▸ **Information supplied**:
○ ○ ○ ○ ○
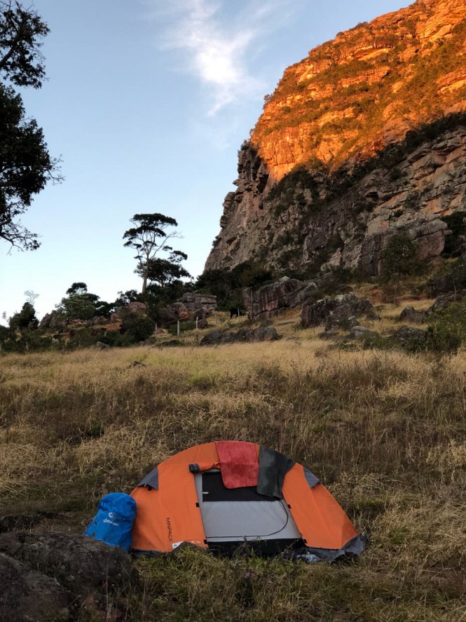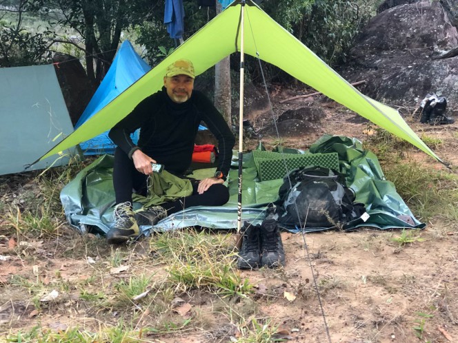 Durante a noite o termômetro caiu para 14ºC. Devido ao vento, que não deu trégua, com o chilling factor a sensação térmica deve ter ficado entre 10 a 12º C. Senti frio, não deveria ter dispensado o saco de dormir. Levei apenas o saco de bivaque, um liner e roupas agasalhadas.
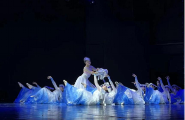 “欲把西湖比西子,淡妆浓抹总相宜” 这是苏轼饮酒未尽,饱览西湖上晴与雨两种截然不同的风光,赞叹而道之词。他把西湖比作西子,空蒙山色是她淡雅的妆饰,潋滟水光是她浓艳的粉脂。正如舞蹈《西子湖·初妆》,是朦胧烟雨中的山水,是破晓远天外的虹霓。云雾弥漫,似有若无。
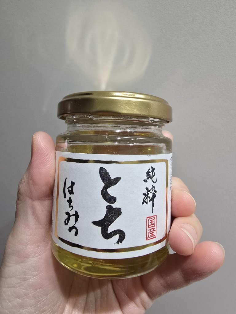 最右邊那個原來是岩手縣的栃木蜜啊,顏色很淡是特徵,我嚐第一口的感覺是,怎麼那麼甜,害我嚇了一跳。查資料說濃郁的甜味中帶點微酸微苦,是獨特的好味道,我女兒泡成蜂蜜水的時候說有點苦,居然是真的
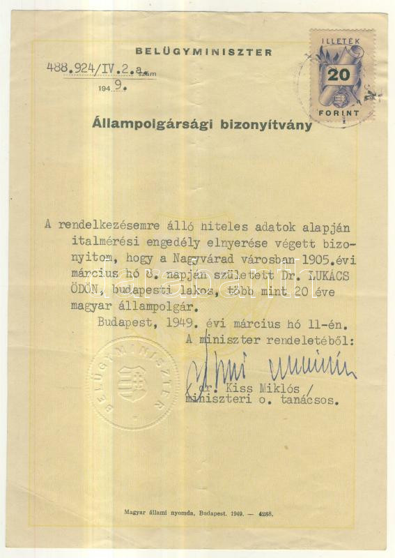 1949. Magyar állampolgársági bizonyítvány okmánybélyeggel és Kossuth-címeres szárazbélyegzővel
○ ○ ○ ○ ○
▸ **What to do**:
Reproduce all the material exactly, omitting images.

▸ **Answer area**:
 Durante a noite o termômetro caiu para 14ºC. Devido ao vento, que não deu trégua, com o chilling factor a sensação térmica deve ter ficado entre 10 a 12º C. Senti frio, não deveria ter dispensado o saco de dormir. Levei apenas o saco de bivaque, um liner e roupas agasalhadas.
 “欲把西湖比西子,淡妆浓抹总相宜” 这是苏轼饮酒未尽,饱览西湖上晴与雨两种截然不同的风光,赞叹而道之词。他把西湖比作西子,空蒙山色是她淡雅的妆饰,潋滟水光是她浓艳的粉脂。正如舞蹈《西子湖·初妆》,是朦胧烟雨中的山水,是破晓远天外的虹霓。云雾弥漫,似有若无。
 最右邊那個原來是岩手縣的栃木蜜啊,顏色很淡是特徵,我嚐第一口的感覺是,怎麼那麼甜,害我嚇了一跳。查資料說濃郁的甜味中帶點微酸微苦,是獨特的好味道,我女兒泡成蜂蜜水的時候說有點苦,居然是真的
 1949. Magyar állampolgársági bizonyítvány okmánybélyeggel és Kossuth-címeres szárazbélyegzővel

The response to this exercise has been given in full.